When computation gets tough, researchers get game.
Posted by Michael on 28 Aug 2007 at 11:54 pm | Tagged as: massmedia, news, software
It’s old news, but in July, the Chinook team announced on Science Magazine that they improved their draughts playing software to the point it won’t lose a single game.
What does this mean? Well, basically it means that it’s mathematically proven that a game without mistakes can’t end in anything else than a draw.
It took 18 years, and a discrete amount of computation to get to this conclusion.
I picked up on the net and on the media a great deal of criticism about this news. It’s ok. People love to criticize. I do that A LOT ;)
The main complaint is “Couldn’t they spend 18 years doing something useful instead?“. I smile to this kind of objection.
What’s so special about games? Why people spend hours figuring out algorithms to solve efficiently the Hanoi Tower, or the Canadian Traveller Problem (”Problema del commesso viaggiatore” for the Italians).
A game is nothing else than a model. You crack the model, and you cracked the reality that maps to that model. “What’s the point in studying the best path in a connected graph”, someone could have asked 50 years ago. Then the Internet came around. And routing problems.

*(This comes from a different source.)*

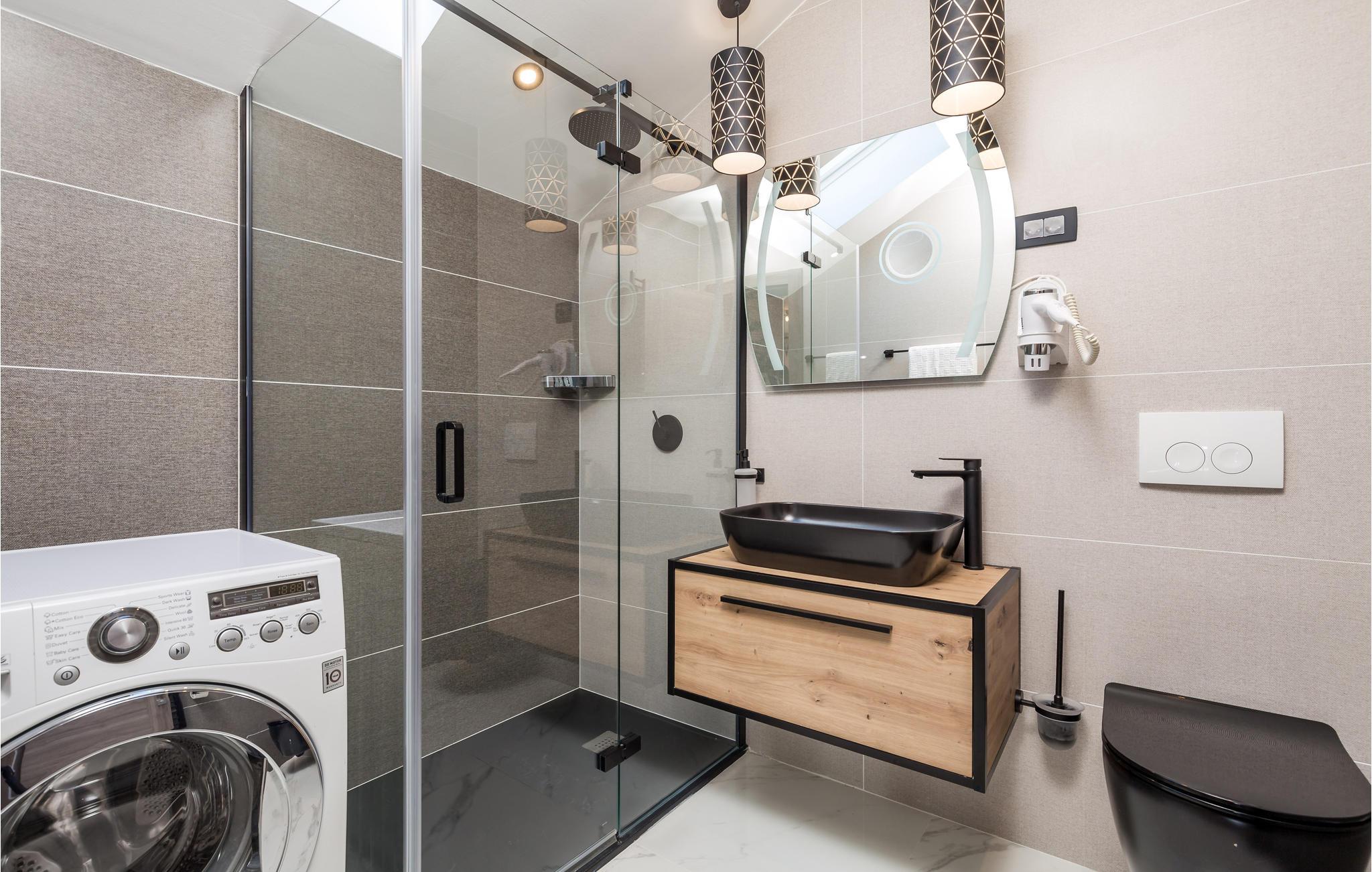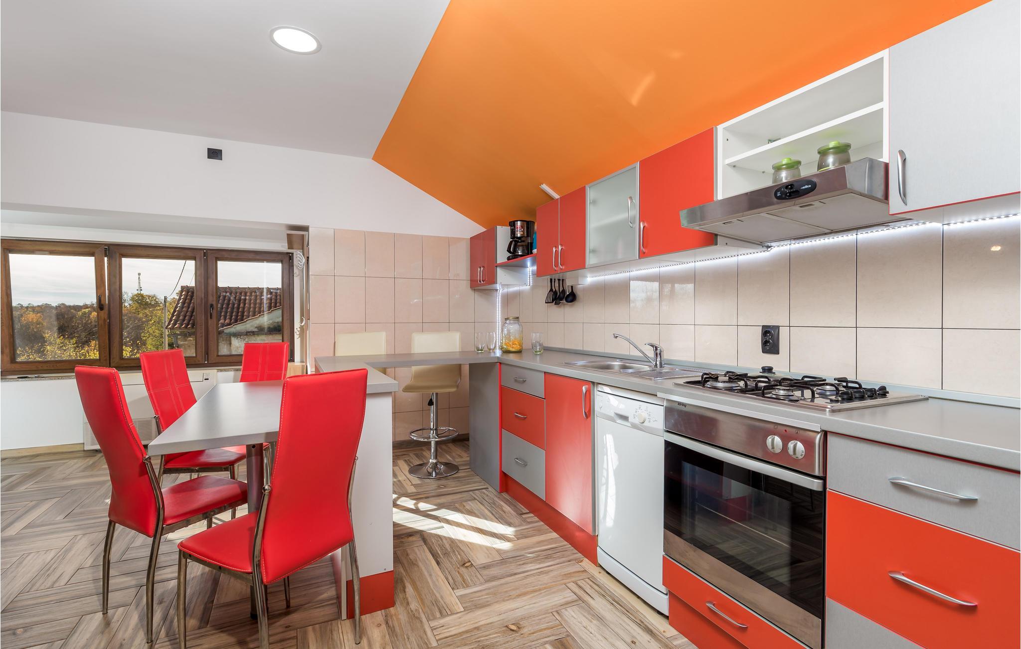 Vakkert og omsorgsfullt innredet feriehus på øya Krk, bestående av to enheter som er forbundet med en utvendig trapp. Den lyse, luftige innredningen og de varme fargene skaper en behagelig atmosfære som garanterer et avslappende og koselig opphold. Minste takhøyde er 200 cm.

I must admit I was a bit disappointed reading the editorial of the August issue of “Newton“, an Italian scientific paper magazine (yes! I read on paper! :-) ). The director, Giorgio Rivieccio, judge the research “a waste” and “something to be archived, and forgotten in a closet forever”. He adds that the prospective of a “universe”, like the draught universe, where nothing is left to discover “depresses” him. And thanks that life is much more complex than a draughts game.
Maybe he just wanted to be poetic, with the comparison between life and a game. But the tone is not what I would expect in an editorial of a science magazine.